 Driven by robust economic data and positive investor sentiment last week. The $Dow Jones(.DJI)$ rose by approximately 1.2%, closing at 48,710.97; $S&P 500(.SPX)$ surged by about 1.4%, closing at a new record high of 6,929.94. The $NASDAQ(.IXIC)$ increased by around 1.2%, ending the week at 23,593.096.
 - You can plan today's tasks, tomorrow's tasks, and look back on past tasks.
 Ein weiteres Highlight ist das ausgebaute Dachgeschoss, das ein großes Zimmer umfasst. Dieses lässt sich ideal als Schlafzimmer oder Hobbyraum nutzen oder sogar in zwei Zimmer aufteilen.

========

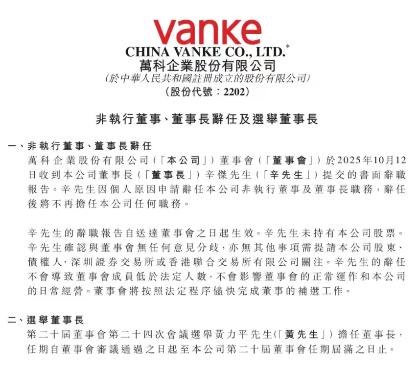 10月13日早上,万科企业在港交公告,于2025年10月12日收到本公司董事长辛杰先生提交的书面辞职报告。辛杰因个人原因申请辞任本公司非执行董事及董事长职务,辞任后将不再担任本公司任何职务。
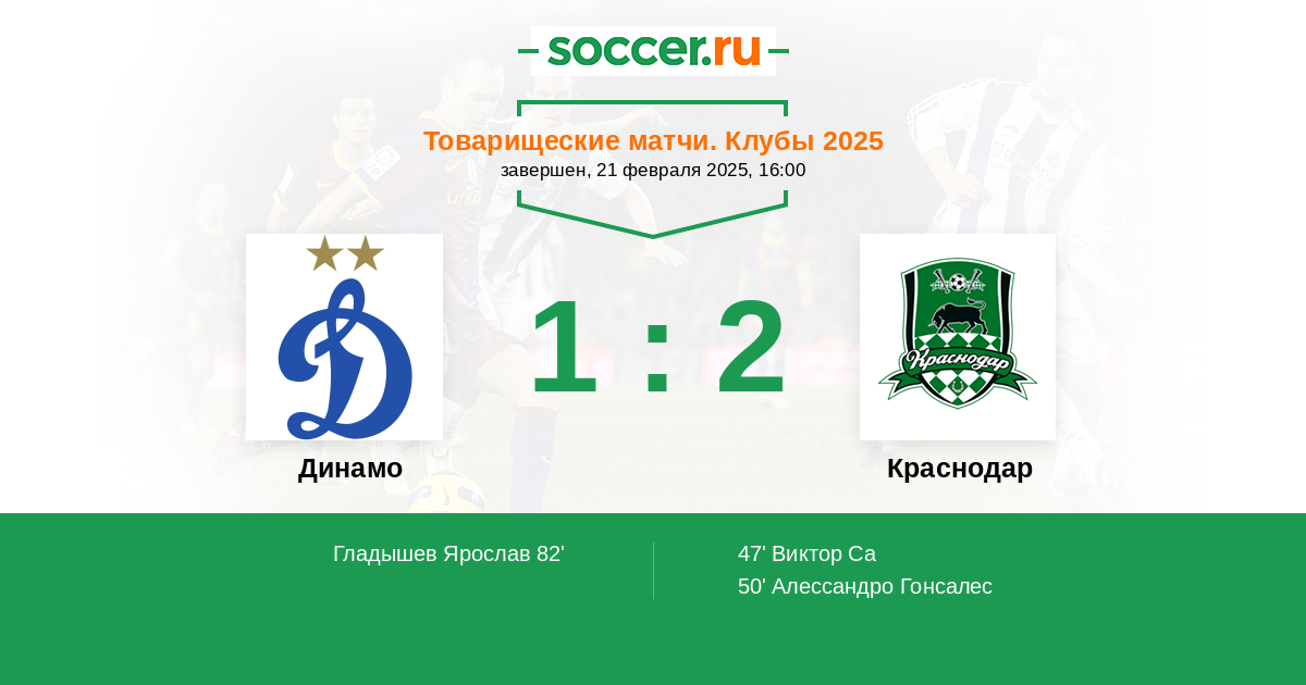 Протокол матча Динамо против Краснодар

========

**Goal of the exercise:**
Retype exactly the span of lines from the one with "Driven by robust" through the one with "Ein weiteres Highlight"; include both ends and omit the rest of the material.

**Your response:**
 Driven by robust economic data and positive investor sentiment last week. The $Dow Jones(.DJI)$ rose by approximately 1.2%, closing at 48,710.97; $S&P 500(.SPX)$ surged by about 1.4%, closing at a new record high of 6,929.94. The $NASDAQ(.IXIC)$ increased by around 1.2%, ending the week at 23,593.096.
 - You can plan today's tasks, tomorrow's tasks, and look back on past tasks.
 Ein weiteres Highlight ist das ausgebaute Dachgeschoss, das ein großes Zimmer umfasst. Dieses lässt sich ideal als Schlafzimmer oder Hobbyraum nutzen oder sogar in zwei Zimmer aufteilen.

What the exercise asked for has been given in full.